О’Брайен, казалось, немного смягчился. Он задумчиво поправил очки на носу и прошелся раза два по комнате. Когда он опять заговорил, голос его звучал доброжелательно и терпеливо. В эту минуту он напоминал учителя или доктора или даже священника, думающего не столько о том, чтобы покарать, сколько о том, чтобы объяснить и убедить.
– Я вожусь с вами так много только потому, что вы стоите этого, Уинстон. Вы отлично знаете, что с вами происходит. Знаете много лет, хотя всегда и боролись с этим знанием. Ваша психика не в порядке. Вы страдаете дефектом памяти. Вы не в состоянии запомнить реальных событий и убеждаете себя в реальности таких вещей, которые в действительности никогда не происходили. К счастью, это излечимо. Вы никогда не пытались лечиться – просто потому, что не хотели. Вам необходимо было сделать небольшое усилие воли, но вы не были подготовлены к нему. Я уверен, что даже и сейчас, в эту минуту, вы цепляетесь за свою болезнь, почитая ее за достоинство. Возьмем один пример. Скажите, с кем сейчас воюет Океания?
– Когда меня арестовали, Океания воевала с Истазией.
– С Истазией. Отлично. Океания всегда находилась в состоянии вины с Истазией, не так ли?
Уинстон уже открыл рот для ответа, но сдержался и смолчал. Он не мог оторвать глаз от шкалы с цифрами.
– Правду, Уинстон, пожалуйста! Вашу правду. Скажите, что вы помните?
– Я припоминаю, что всего за неделю до того, как меня арестовали, никакой войны с Истазией не было. Мы были в союзе с ней. Нашим врагом была Евразия. Это продолжалось четыре года. А до того. .
Движением руки О’Брайен остановил его.
– Еще один пример, – продолжал он. – Несколько лет тому назад у вас была настоящая галлюцинация. Вы уверовали в то, что три человека, три бывших члена Партии, некие Джонс, Ааронсон и Рутефорд, казненные за измену и саботаж после того, как они полностью во всем сознались, – что эти люди не совершили преступлений, в которых они обвинялись. Вы уверовали в то, что у вас был неопровержимый документ, доказывавший ложность их признаний. Вы бредили какой-то фотографией. Вы верили, что она была даже у вас в руках. Фотография вроде вот этой…
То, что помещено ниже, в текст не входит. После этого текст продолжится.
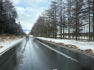 鳩を受け取りに遠出! 行きの山越えは昼過ぎ(13時頃)で、こんな感じ! 雪はありますが、ほぼ解けて濡れているだけです。 しかし、鳩を受け取り17時過ぎに通る時にはアイスバーン!! 雪も降ったみたい。

В руках О’Брайена появилась вдруг продолговатая полоска газеты. Секунд пять она находилась в поле зрения Уинстона. Это была фотография – та самая фотография! Сомнений быть не могло. Перед ним был новый экземпляр снимка Джонса, Ааронсона и Рутефорда на партийном слете в Нью-Йорке, – снимка, на который он случайно натолкнулся одиннадцать лет тому назад и сразу же уничтожил. Только на одно мгновение он снова появился у него перед глазами и тут же исчез. Но он видел этот снимок, несомненно видел! Он отчаянно, изо всей силы дернулся верхней частью корпуса. Но невозможно было оторваться от кровати хотя бы на сантиметр. На миг он забыл даже о циферблате. Только об одном он думал в этот миг: схватить фотографию или хотя бы взглянуть на нее еще раз.